== Segment start ==
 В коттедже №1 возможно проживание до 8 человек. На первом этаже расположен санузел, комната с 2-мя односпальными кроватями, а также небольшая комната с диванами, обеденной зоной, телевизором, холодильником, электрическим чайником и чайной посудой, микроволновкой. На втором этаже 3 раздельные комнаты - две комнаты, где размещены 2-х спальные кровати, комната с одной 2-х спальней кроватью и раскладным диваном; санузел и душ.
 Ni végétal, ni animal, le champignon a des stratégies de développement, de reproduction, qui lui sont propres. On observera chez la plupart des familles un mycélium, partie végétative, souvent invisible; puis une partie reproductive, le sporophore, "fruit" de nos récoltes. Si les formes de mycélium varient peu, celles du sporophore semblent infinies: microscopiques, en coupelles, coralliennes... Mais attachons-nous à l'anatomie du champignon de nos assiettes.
== Segment end ==
== Segment start ==
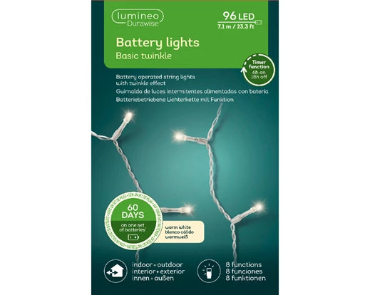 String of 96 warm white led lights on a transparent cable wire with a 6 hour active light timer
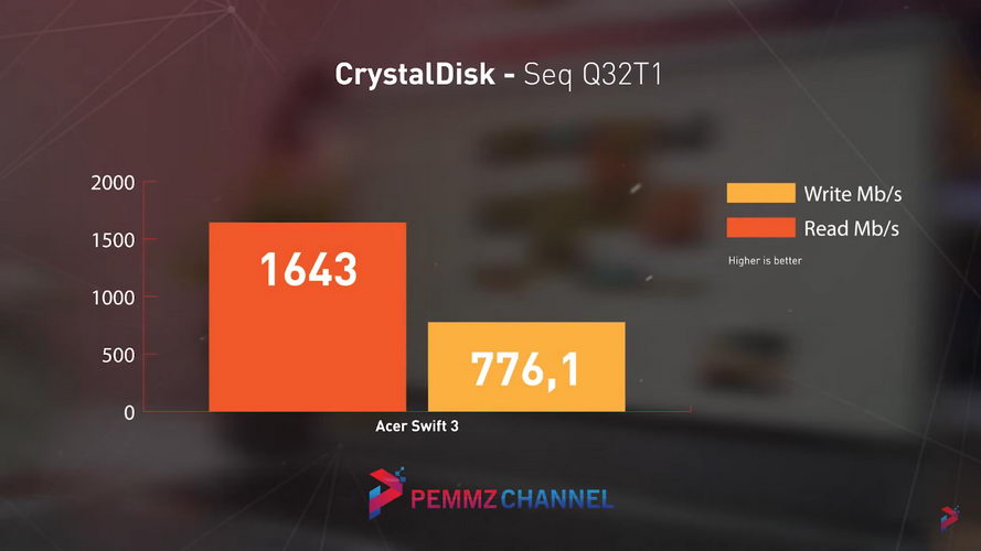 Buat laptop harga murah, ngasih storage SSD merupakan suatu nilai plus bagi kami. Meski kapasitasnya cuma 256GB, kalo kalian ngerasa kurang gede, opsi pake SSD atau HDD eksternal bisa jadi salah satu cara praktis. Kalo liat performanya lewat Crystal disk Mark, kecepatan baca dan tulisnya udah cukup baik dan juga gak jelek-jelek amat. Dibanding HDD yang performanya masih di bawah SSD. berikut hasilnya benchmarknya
== Segment end ==
== Segment start ==
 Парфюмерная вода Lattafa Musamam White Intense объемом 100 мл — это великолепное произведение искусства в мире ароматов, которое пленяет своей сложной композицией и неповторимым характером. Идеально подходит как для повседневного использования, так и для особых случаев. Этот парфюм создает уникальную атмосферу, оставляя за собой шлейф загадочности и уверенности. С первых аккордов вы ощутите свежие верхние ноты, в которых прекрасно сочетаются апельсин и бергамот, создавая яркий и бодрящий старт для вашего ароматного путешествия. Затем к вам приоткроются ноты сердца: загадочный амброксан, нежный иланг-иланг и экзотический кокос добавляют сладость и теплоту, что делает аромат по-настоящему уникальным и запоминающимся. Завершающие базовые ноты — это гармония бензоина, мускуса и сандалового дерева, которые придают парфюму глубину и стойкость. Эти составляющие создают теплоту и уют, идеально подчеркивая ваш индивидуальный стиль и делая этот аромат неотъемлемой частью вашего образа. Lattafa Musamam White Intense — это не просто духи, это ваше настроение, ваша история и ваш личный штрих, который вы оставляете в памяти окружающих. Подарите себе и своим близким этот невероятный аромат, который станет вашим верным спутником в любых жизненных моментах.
== Segment end ==
All lines above from the one holding "В коттедже №1" to the one holding "Ni végétal, ni", inclusive, are to be copied exactly; no other line is wanted.

### Finished exercise
 В коттедже №1 возможно проживание до 8 человек. На первом этаже расположен санузел, комната с 2-мя односпальными кроватями, а также небольшая комната с диванами, обеденной зоной, телевизором, холодильником, электрическим чайником и чайной посудой, микроволновкой. На втором этаже 3 раздельные комнаты - две комнаты, где размещены 2-х спальные кровати, комната с одной 2-х спальней кроватью и раскладным диваном; санузел и душ.
 Ni végétal, ni animal, le champignon a des stratégies de développement, de reproduction, qui lui sont propres. On observera chez la plupart des familles un mycélium, partie végétative, souvent invisible; puis une partie reproductive, le sporophore, "fruit" de nos récoltes. Si les formes de mycélium varient peu, celles du sporophore semblent infinies: microscopiques, en coupelles, coralliennes... Mais attachons-nous à l'anatomie du champignon de nos assiettes.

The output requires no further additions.